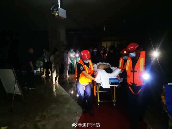 7月21日早,焦作消防发布信息称,接报到郑大一附院(河医院区)转移病人任务后,焦作消防救援支队增援郑州救助力量第一时间赶赴救援地点开展救援。经向院方负责人了解, 共有80余名ICU重症病人需要转移,大量轻度病人和家属被困一楼大厅。
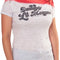 Now, you can look just like Harley with this junior Daddy's Lil Monster sublimation shirt. This shirt features the same blood-red shoulders and stitching along the left side that Harley wore on her shirt in Suicide Squad.
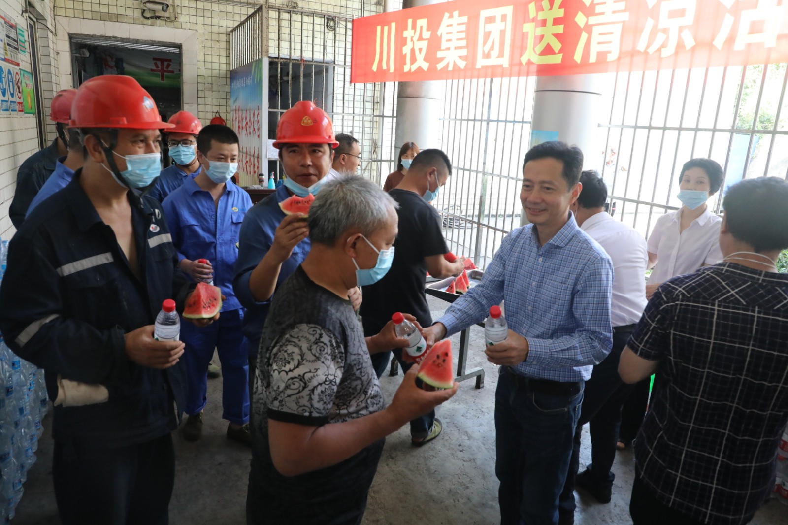 6月7日,川投集团副总经理张昊、工会副主席白翠红一行到嘉阳看望慰问一线高温岗位职工,为他们送上清凉和关怀。
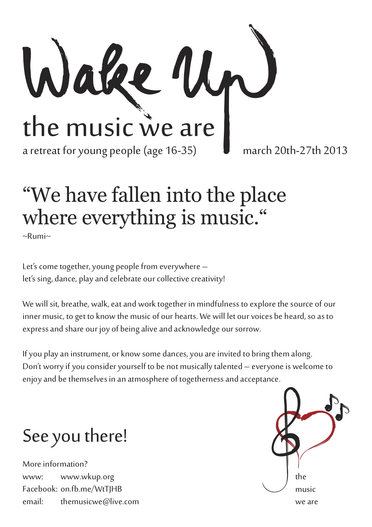 If you have any questions about the retreat, please email us at: themusicwe@live.com

· · ·

▶ Your instructions:
Write out every line above exactly, minus images.

▶ Exercise output:
 7月21日早,焦作消防发布信息称,接报到郑大一附院(河医院区)转移病人任务后,焦作消防救援支队增援郑州救助力量第一时间赶赴救援地点开展救援。经向院方负责人了解, 共有80余名ICU重症病人需要转移,大量轻度病人和家属被困一楼大厅。
 Now, you can look just like Harley with this junior Daddy's Lil Monster sublimation shirt. This shirt features the same blood-red shoulders and stitching along the left side that Harley wore on her shirt in Suicide Squad.
 6月7日,川投集团副总经理张昊、工会副主席白翠红一行到嘉阳看望慰问一线高温岗位职工,为他们送上清凉和关怀。
 If you have any questions about the retreat, please email us at: themusicwe@live.com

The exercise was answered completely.